In the US, firms such as Alexander Brown & Sons became leading currency traders around the 1850s, with new participants beginning to engage in the business of foreign exchange trading by the 1880s.

But perhaps the single biggest event in the history of currency trading happened in the 1870s, when the Gold Standard Monetary System was created.

Before the First World War, there was much less control over international trade, and the consequences of the war caused countries to abandon the gold standard by this time.

In the period of 1899 to 1913 foreign exchange holdings increased by 10.8%, while holdings of gold increased by only 6.3%, marking the importance of the emerging Forex market.

By the end of 1913 nearly half of the world’s foreign exchange was conducted using the pound sterling, but there were only two foreign exchange brokers operating in London. The most active trading centers instead were Paris, New York and Berlin.

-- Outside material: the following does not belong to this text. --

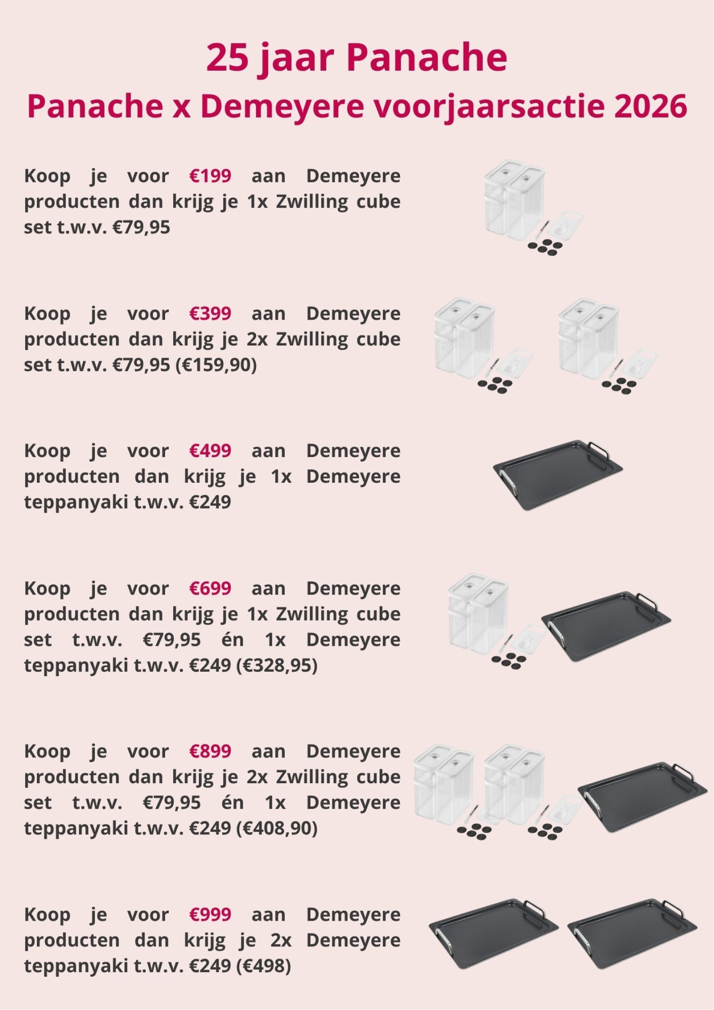 Vier 25 jaar Panache met ons mee. Een jubileum vier je niet alleen. Daarom hebben we samen met Demeyere dit voorjaar iets extra voor jou. Geniet van onze voorjaarspromoties tot en met 31 mei én exclusief bij Panache:

But by 1928, foreign exchange trading was integral to the financial functioning of the city, and trade in London began to resemble its modern status.

In 1944, the famous Bretton Woods Accord was signed, which allowed currencies to fluctuate within a range of ±1% from the currency's par exchange rate.

During President Nixon’s tenure the Bretton Woods Accord was scrapped along with fixed rates of exchange, resulting in a free-floating currency system.

The ineffectiveness of the Bretton Woods Accord and the European Joint Float had caused the Forex markets to actually close from 1972 to March 1973.

1973 essentially marks the beginning of the modern Forex market, when the state control of foreign exchange ended and complete floating and relatively free market conditions began.

The same year Reuters introduced computer monitors that replaced the old methods of telephone and telex for obtaining trading quotes.

And in the mid-1980s Reuters developed a form of electronic Forex trading that preceded the advent of the Internet that served as a real-time closed network for traders.

Today between $4 to 5 TRILLION are traded in the Forex market each day, making it the largest financial market in the world.